A team can have a prediction of 0 to 25 wins. The standard deviation for C=0.01 and gamma=0.001 is 12.21. Since it’s near to the mean victory value of 12.5, we may assume that there’s a low amount of noise in the data. A standard deviation of 9.65 was achieved with very modest adjustments to the settings. Performance in preemptive prediction is equivocal due to a LAWR of 0.499, but the results are consistent in terms of how accurate they are.
Next Steps and Conclusion
Using only play-by-play data from the first half of an NBA game, a machine learning algorithm can predict the outcome of the game. While the model can forecast the future, it does so with a degree of uncertainty. Re-evaluating data used in model training would seem to be an appropriate next step after this prediction’s outcome. The model may be able to learn more about the game by extracting more features from the play-by-play data.

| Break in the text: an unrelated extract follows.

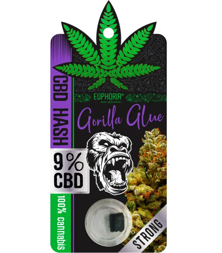 9% CBD Hash GORILLA GLUE. CBD Hash do not cause psychoactive effects. Weight: 1 gCBD: > 90 mgTHC: < 0,2 % Made of Pure Cannabis Sativa. Notice Product of a variety registered in the EU. Only for collecting purposes. Products have undergone extensive laboratory analysis to ensure the absence of synthetic cannabinoids. We prioritize quality and safety in products to provide you with the best experience possible. Please note: Not for children. Keep out of reach of children. Do not use when pregnant or breastfeeding. Always consult your doctor before before modifying or using any new product. This product is not intended to diagnose, treat or prevent any disease. Do not use immediately before and while driving a motor vehicle This product complies with all applicable laws and regulations. It is intended solely for industrial, technical, and horticultural purposes. Not intended for direct consumption or smoking. The product may naturally lose weight over time. Sale to individuals under 18 years of age is prohibited. Upon sale (in store / via shipping service / via other dispensing point), the seller will verify that the buyer is not under 18 years of age. ...

When looking at this from the player’s point of view, I’d want to offer a whole new paradigm. Models with this feature would be more stable over multiple seasons and take into consideration a player’s contributions to the squad they are currently on. Jayson Tatum, for example, currently has the most missed shots in the league at the time of this writing. Kevin Durant is the league’s leading scorer with the most attempted shots. Because Kevin Durant will continue to score throughout the rest of the game, the significance of Tatum missing a shot is negligible. The shift from 30 other teams to over 500 players and the maintenance of a rich data set would be a challenge here.
This project, despite its lackluster results, is nonetheless interesting to me because of what I’ve learned thus far. In this challenge, there is a great deal of room for experimentation, from feature extraction to hyperparameter tuning. As far as funding research goes, I think this would be an excellent pick-up experiment to delve into further.:)
This Github repository contains all of the source code that was used to create this website.